- Work item -
Repeat the data that follows exactly, starting at the line with "Temp) | 4100K |" and ending at the line with "A prominent element", and leave out every picture.

- Available data -
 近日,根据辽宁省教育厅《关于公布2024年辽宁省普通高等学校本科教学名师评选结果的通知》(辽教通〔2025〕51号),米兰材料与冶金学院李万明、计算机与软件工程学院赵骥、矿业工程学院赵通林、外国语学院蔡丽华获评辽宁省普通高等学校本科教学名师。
...
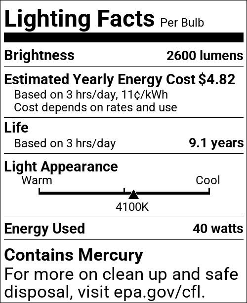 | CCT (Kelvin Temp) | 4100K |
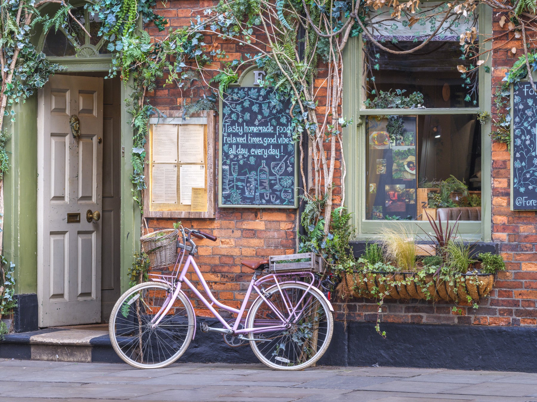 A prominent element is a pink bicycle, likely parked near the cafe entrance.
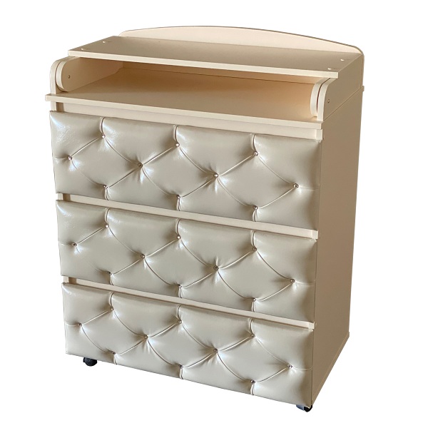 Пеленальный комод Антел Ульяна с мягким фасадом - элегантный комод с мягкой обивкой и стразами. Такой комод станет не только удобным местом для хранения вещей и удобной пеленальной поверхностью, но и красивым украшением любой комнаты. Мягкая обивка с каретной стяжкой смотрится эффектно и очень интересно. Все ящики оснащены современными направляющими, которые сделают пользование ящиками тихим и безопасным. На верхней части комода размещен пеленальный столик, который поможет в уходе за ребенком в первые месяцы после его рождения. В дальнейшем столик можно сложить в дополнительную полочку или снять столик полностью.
==
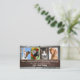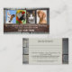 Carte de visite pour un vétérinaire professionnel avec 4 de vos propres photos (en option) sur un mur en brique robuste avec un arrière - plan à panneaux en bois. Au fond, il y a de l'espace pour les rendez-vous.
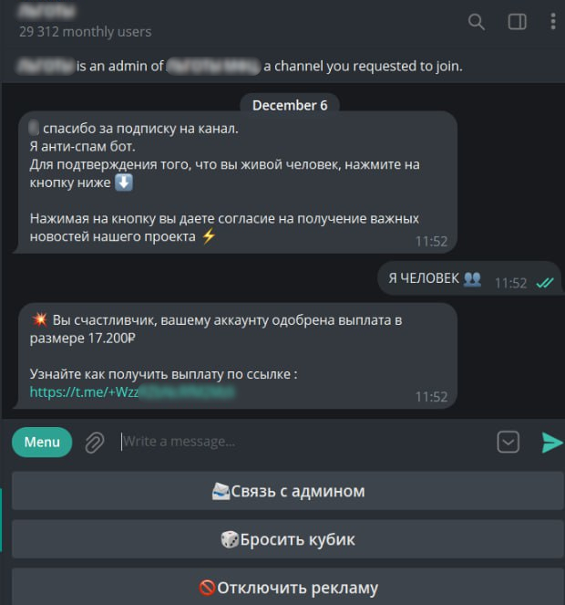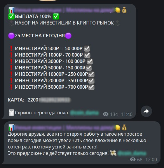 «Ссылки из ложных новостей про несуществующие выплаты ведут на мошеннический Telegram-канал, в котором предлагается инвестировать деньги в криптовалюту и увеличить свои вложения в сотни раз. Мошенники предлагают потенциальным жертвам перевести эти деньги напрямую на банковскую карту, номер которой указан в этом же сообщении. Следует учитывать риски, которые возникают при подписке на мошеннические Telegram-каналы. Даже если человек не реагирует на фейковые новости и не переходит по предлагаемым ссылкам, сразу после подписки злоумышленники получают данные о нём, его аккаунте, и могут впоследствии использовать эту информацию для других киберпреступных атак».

- Solution to this exercise -
 | CCT (Kelvin Temp) | 4100K |
 A prominent element is a pink bicycle, likely parked near the cafe entrance.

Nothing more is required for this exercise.